* **YOUR TASK**
All entries need to be written out again exactly, without their pictures.

------ THE RECORDS

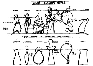 The design for most characters was based on the work of caricaturist Al Hirschfeld,[41] which production designer Richard Vander Wende also considered appropriate to the theme, due to similarities to the flowing and swooping lines found in Arabic calligraphy.[32] Jafar's design was not based on Hirschfeld's work because Jafar's supervising animator, Andreas Deja, wanted the character to be contrasting.[42] Each character was animated alone, with the animators consulting each other to make scenes with interrelating characters. Since Aladdin's animator Glen Keane was working in the California branch of Walt Disney Feature Animation, and Jasmine's animator Mark Henn was in the Florida one at Disney-MGM Studios, they had to frequently phone, fax or send designs and discs to each other.[32] The animators filmed monkeys at the San Francisco Zoo to study their movements for Abu's character.[16] Iago's supervising animator Will Finn tried to incorporate some aspects of Gottfried's appearance into the parrot's design, especially his semi-closed eyes and the always-appearing teeth.[16] Some aspects of the Sultan were inspired by the Wizard of Oz, to create a bumbling authority figure.[16] Andreas Deja, Jafar's supervising animator, tried to incorporate Jonathan Freeman's facial expressions and gesturing into the character.[41] Animator Randy Cartwright described working on the Magic Carpet as challenging, since it is only a rectangular shape, that expresses itself through pantomime—"It's sort of like acting by origami."[32] Cartwright kept folding a piece of cloth while animating to see how to position the Carpet.[32] After the character animation was done, the carpet's surface design was applied digitally.[41]
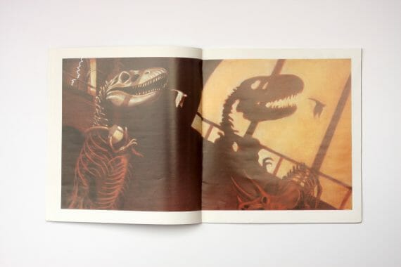 Lightning strikes, and strange bird flies into a cavernous museum full of dinosaur skeletons and transforms them back into living creatures.
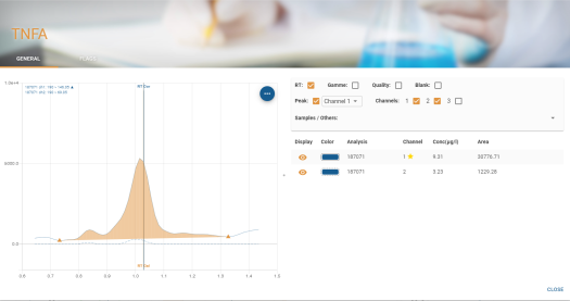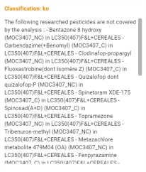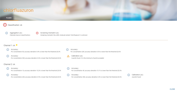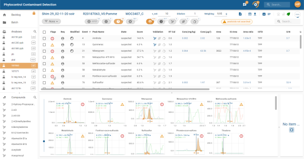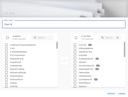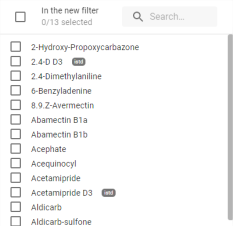 En survolant le nombre de molécules, une bulle d’information apparait avec la liste des molécules contenues dans le filtre :
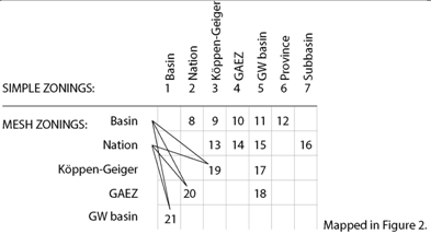 In this study different assumptions about availability, access, and demand relating to water were considered through the use of multiple zonings. Each zoning reflects the inability to obtain water (or goods produced using water) for a particular population from other basins, nations, climate zones, agro-ecological zones, groundwater basins, subbasins, provinces, or combinations of these. In other words, when calculating water shortage indicator, we assume that there are distinct areas within which the population is limited to using only water from the same area. This touches on a number of considerations.
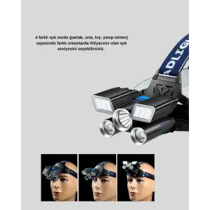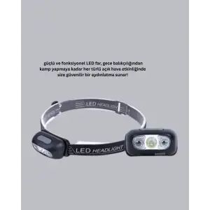 Şarjlı LED Kafa Feneri | 4 Modlu Akıllı Sensörlü Far | Su Geçirmez IPX5 Kamp ve Balıkçı Lambası
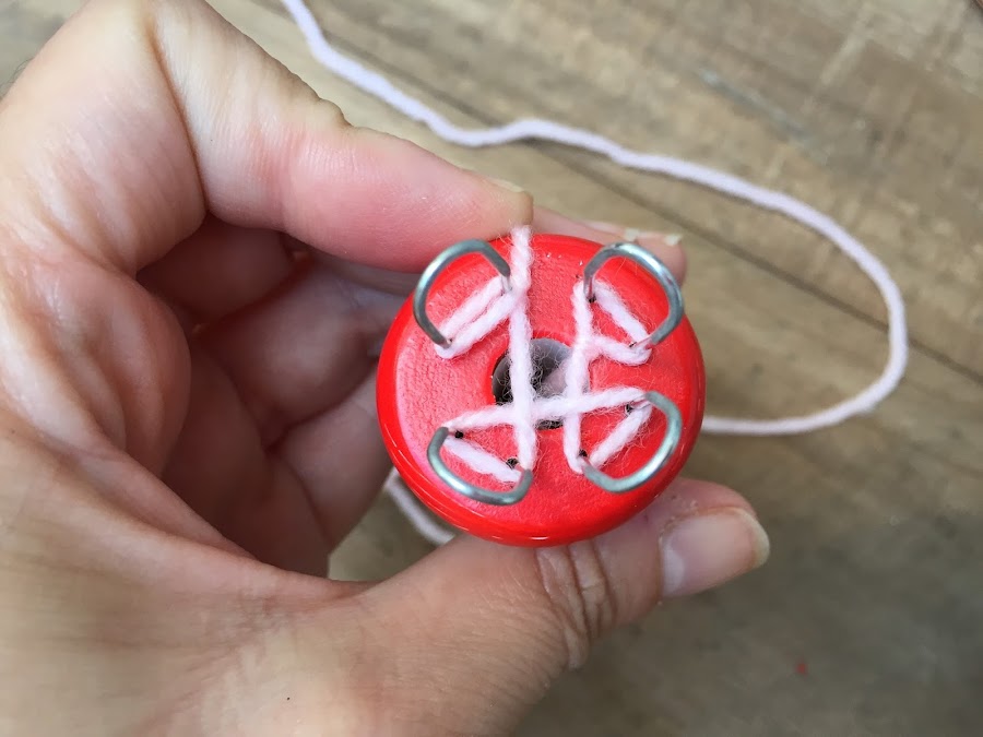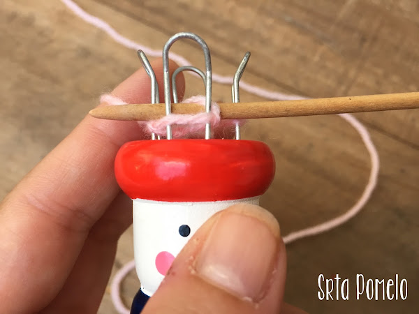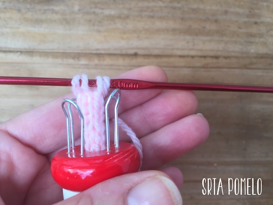 Se inserta el nudo en uno de los clavitos del tricotín y se tira para apretarlo (pero no demasiado, que quede un poco holgado). La hebra sobrante se introduce dentro del hueco central.
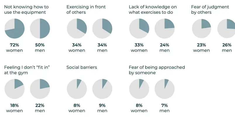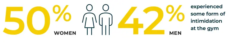 - Nearly half of all participants experience some form of gym intimidation—particularly among women (50% vs. 42% for men).
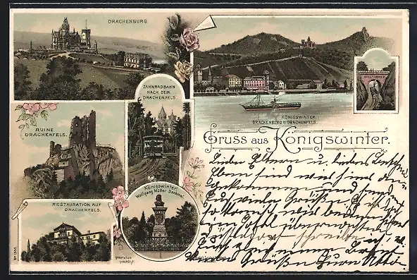 Lithographie Königswinter, Restaurant auf Drachenfels, Zahnradbahn
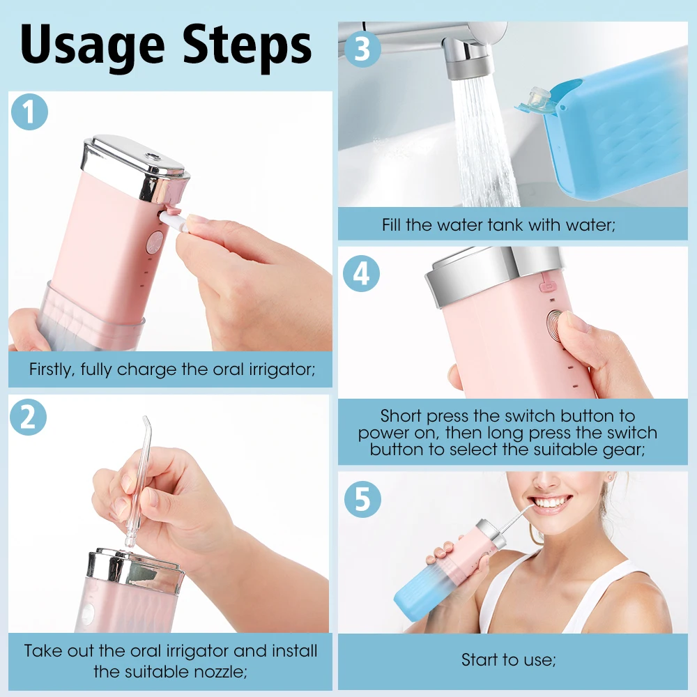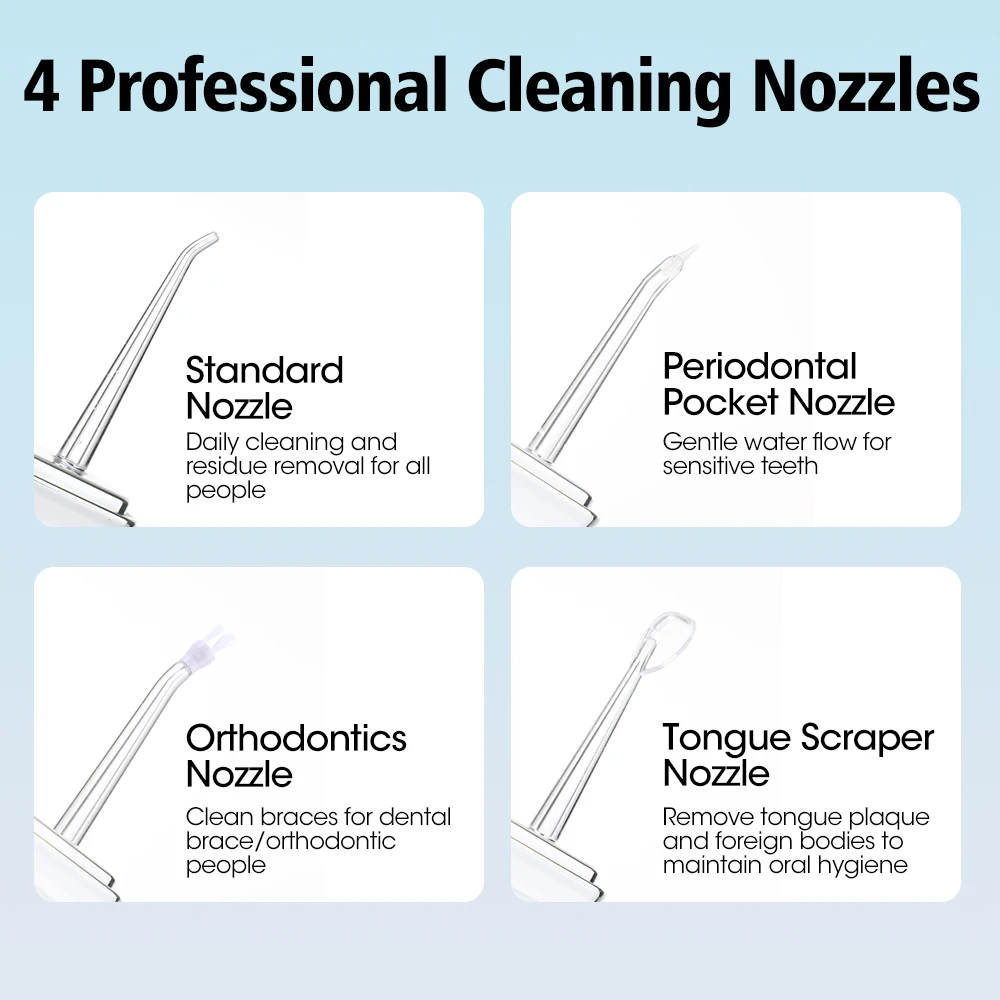 6.Cet irrigateur oral sans fil est équipé de 4 buses professionnelles : une buse standard pour le nettoyage quotidien et l'élimination des résidus, adaptée à tous les utilisateurs ;une buse de poche parodontale avec un débit d'eau doux pour les dents sensibles ;une buse orthodontique pour nettoyer les appareils orthodontiques sur mesure pour les personnes orthodontiques ;et une buse gratte-langue pour éliminer la plaque dentaire et les corps étrangers afin de maintenir l'hygiène bucco-dentaire.

------------

* **EXERCISE RESULT**
 The design for most characters was based on the work of caricaturist Al Hirschfeld,[41] which production designer Richard Vander Wende also considered appropriate to the theme, due to similarities to the flowing and swooping lines found in Arabic calligraphy.[32] Jafar's design was not based on Hirschfeld's work because Jafar's supervising animator, Andreas Deja, wanted the character to be contrasting.[42] Each character was animated alone, with the animators consulting each other to make scenes with interrelating characters. Since Aladdin's animator Glen Keane was working in the California branch of Walt Disney Feature Animation, and Jasmine's animator Mark Henn was in the Florida one at Disney-MGM Studios, they had to frequently phone, fax or send designs and discs to each other.[32] The animators filmed monkeys at the San Francisco Zoo to study their movements for Abu's character.[16] Iago's supervising animator Will Finn tried to incorporate some aspects of Gottfried's appearance into the parrot's design, especially his semi-closed eyes and the always-appearing teeth.[16] Some aspects of the Sultan were inspired by the Wizard of Oz, to create a bumbling authority figure.[16] Andreas Deja, Jafar's supervising animator, tried to incorporate Jonathan Freeman's facial expressions and gesturing into the character.[41] Animator Randy Cartwright described working on the Magic Carpet as challenging, since it is only a rectangular shape, that expresses itself through pantomime—"It's sort of like acting by origami."[32] Cartwright kept folding a piece of cloth while animating to see how to position the Carpet.[32] After the character animation was done, the carpet's surface design was applied digitally.[41]
 Lightning strikes, and strange bird flies into a cavernous museum full of dinosaur skeletons and transforms them back into living creatures.
 En survolant le nombre de molécules, une bulle d’information apparait avec la liste des molécules contenues dans le filtre :
 In this study different assumptions about availability, access, and demand relating to water were considered through the use of multiple zonings. Each zoning reflects the inability to obtain water (or goods produced using water) for a particular population from other basins, nations, climate zones, agro-ecological zones, groundwater basins, subbasins, provinces, or combinations of these. In other words, when calculating water shortage indicator, we assume that there are distinct areas within which the population is limited to using only water from the same area. This touches on a number of considerations.
 Şarjlı LED Kafa Feneri | 4 Modlu Akıllı Sensörlü Far | Su Geçirmez IPX5 Kamp ve Balıkçı Lambası
 Se inserta el nudo en uno de los clavitos del tricotín y se tira para apretarlo (pero no demasiado, que quede un poco holgado). La hebra sobrante se introduce dentro del hueco central.
 - Nearly half of all participants experience some form of gym intimidation—particularly among women (50% vs. 42% for men).
 Lithographie Königswinter, Restaurant auf Drachenfels, Zahnradbahn
 6.Cet irrigateur oral sans fil est équipé de 4 buses professionnelles : une buse standard pour le nettoyage quotidien et l'élimination des résidus, adaptée à tous les utilisateurs ;une buse de poche parodontale avec un débit d'eau doux pour les dents sensibles ;une buse orthodontique pour nettoyer les appareils orthodontiques sur mesure pour les personnes orthodontiques ;et une buse gratte-langue pour éliminer la plaque dentaire et les corps étrangers afin de maintenir l'hygiène bucco-dentaire.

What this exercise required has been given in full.